The structural features of Acetobacterium woodii F-ATP synthase reveal the importance of the unique subunit γ-loop in Na⁺ translocation and ATP synthesis

The Na⁺translocating F₁F_O ATP synthase from Acetobacterium woodii shows a subunit stoichiometry of α₃:β₃:γ:δ:ε:a:b₂:(c_2/3)₉:c₁ and reveals an evolutionary path between synthases and pumps involving adaptations in the rotor c-ring, which is composed of F- and vacuolar-type c subunits in a stoichiometry of 9 : 1. This hybrid turbine couples rotation with Na⁺ translocation in the F_O part and rotation of the central stalk subunits γ-ε to drive ATP synthesis in the catalytic α₃:β₃ headpiece. Here, we isolated a highly pure recombinant A. woodii F-ATP synthase and present the first projected structure of this hybrid engine as determined by negative-stain electron microscopy and single-particle analysis. The uniqueness of the A. woodii F-ATP synthase is also reflected by an extra 17 amino acid residues loop (₁₉₅TSGKVKITEETKEEKSK₂₁₁) in subunit γ. Deleting the loop-encoding DNA sequence (γ_Δ195–211) and purifying the recombinant F-ATP synthase γ_Δ195–211 mutant provided a platform to study its effect in enzyme stability and activity.

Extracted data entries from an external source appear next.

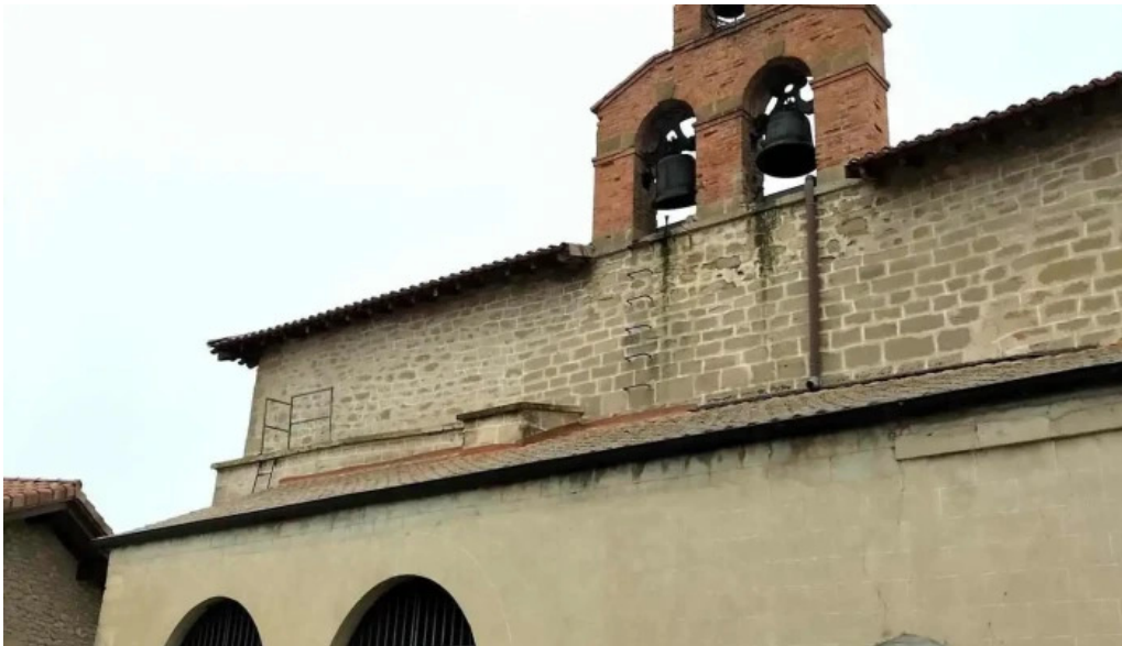
Iglesia de santa eulalia iglesia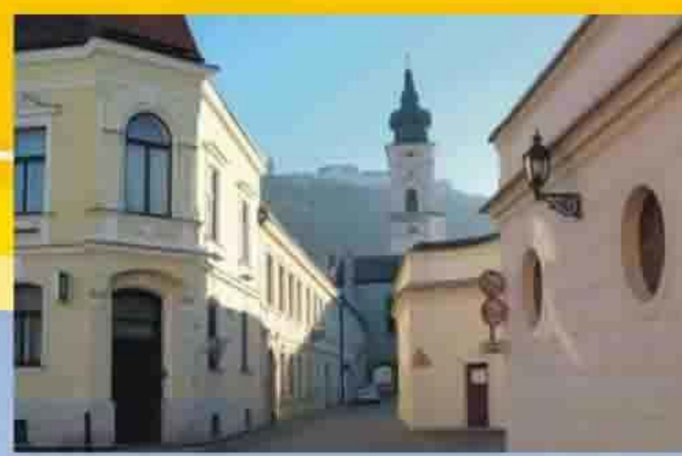
Marktgemeinde Furth bei Göttweig Untere Landstr. 17 Furth b. Göttweig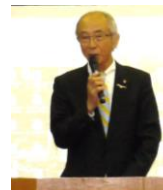
来賓としてお越しいただきました 広瀬市長と勝地議長におことばをいただきました。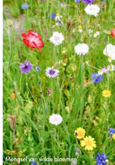
Mengsel van wilde bloemen.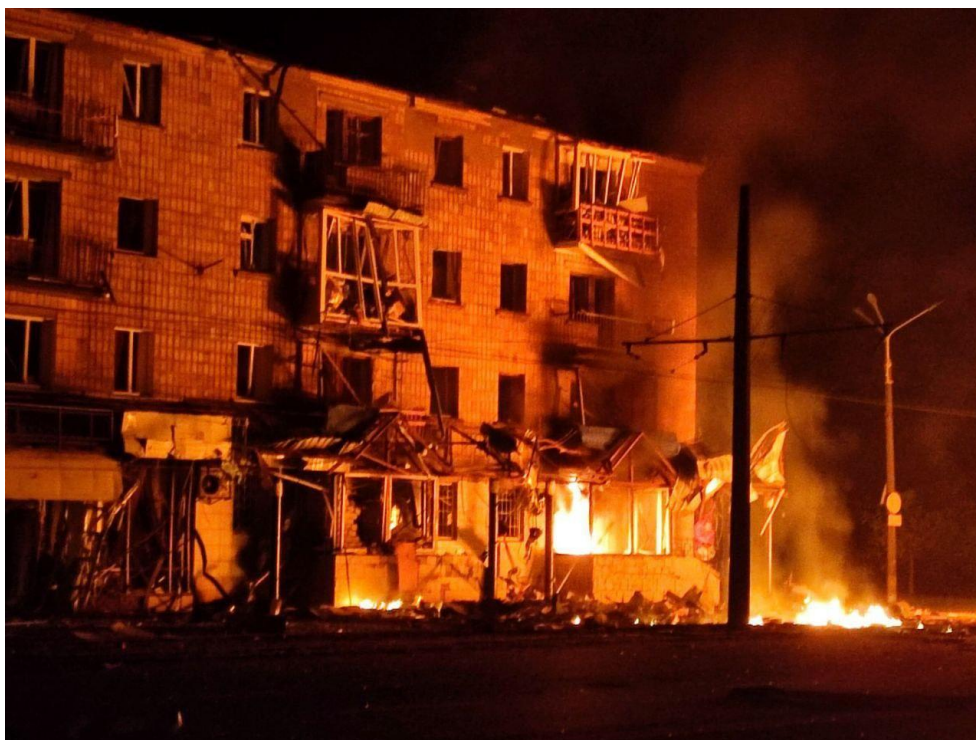
Рис. А.2. Наслідки військових дій у місті Конотоп Сумської області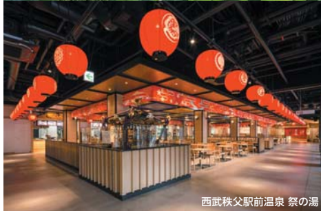
西武秩父駅前温泉 祭の湯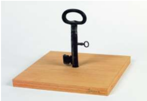
Joan Brossa, La clau de la clau , 1989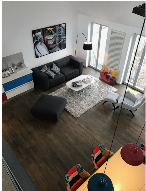
Wohnbereich von Galerie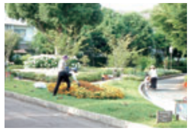
緑に囲まれた場所となることで心に安らぎを与え、うるおいのある空間となります。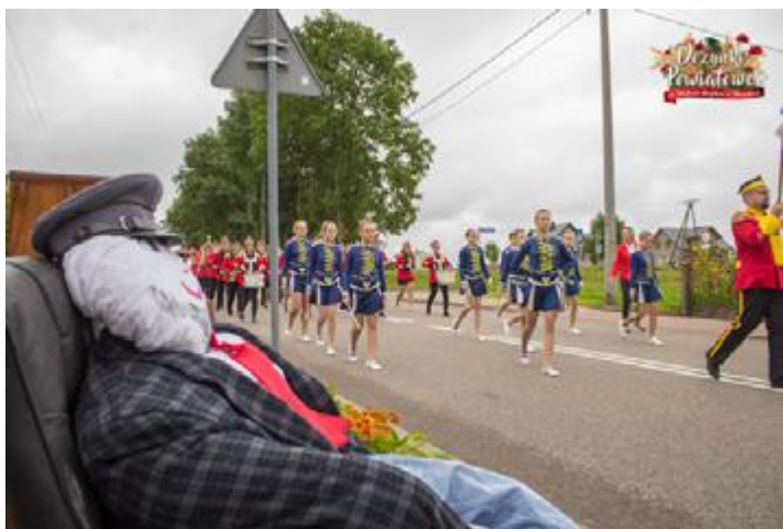
Korowód dożynkowy mija rolnika szukającego żony

Niezwykłe wieńce dożynkowe przygotowali członkowie Stowarzyszenia Przyjaciół Jurca oraz Koła Gospodyń Wiejskich w Budach Stawiskach.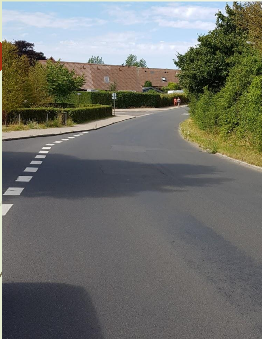
Svinget et fra Frølundesiden. Adgangsvejen kommer bag på bilister, der kommer herfra.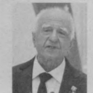
Иброҳим ҚОҒУРОВ, Ўзбекистон Қаҳрамони, адабиётшунос олим

— Узоқ истибоддан кейин мустақиллик ўрнатилган, жамиятда демократик ислохотларни амалга ошириш, бунинг учун эса демократик асосларни яратиш эҳтиёжи туғилган эди. Демократик асослар деганда жамиятда сиёсий партияларнинг ҳаракати, уларнинг изчил фаолияти оммани турли, айтиш мумкинки, ранг-баранг йўналишларга, ғояларга жалб қилиш тушунилади.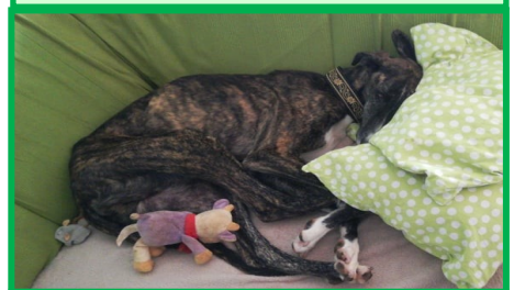
Casimero happily homed in Slovenia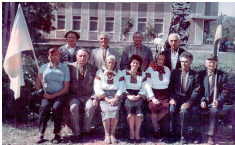
Члени Хімчинського осередку Народного Руху України на посвяченні могили в с. Рожнові 1992р.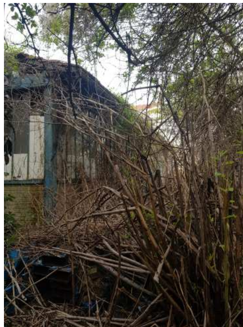
HUISSIERS PARIS EST NOGENT- photographies n°50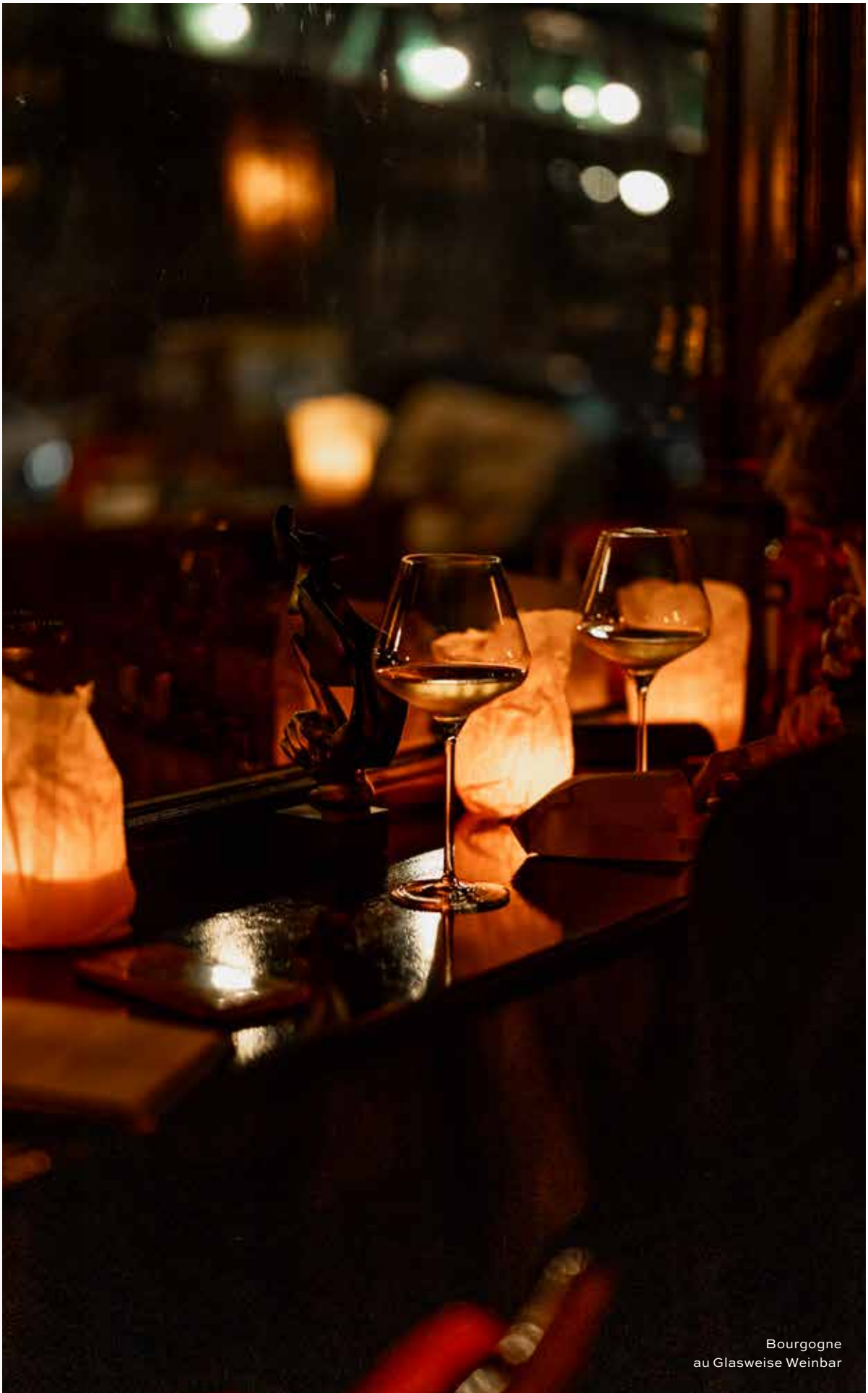
Bourgogne au Glasweise Weinbar

The recombinant F-ATP synthase γ_Δ195–211 mutant revealed the same subunit composition as the wild-type enzyme and a minor reduction in ATP hydrolysis. When reconstituted into proteoliposomes ATP synthesis and Na⁺ transport were diminished, demonstrating the importance of the γ195–211 loop in both enzymatic processes. Based on a structural model, a coupling mechanism for this enzyme is proposed, highlighting the role of the γ-loop. Finally, the γ195–211 loop of A. woodii is discussed in comparison with the extra γ-loops of mycobacterial and chloroplasts F-ATP synthases described to be involved in species-specific regulatory mechanisms.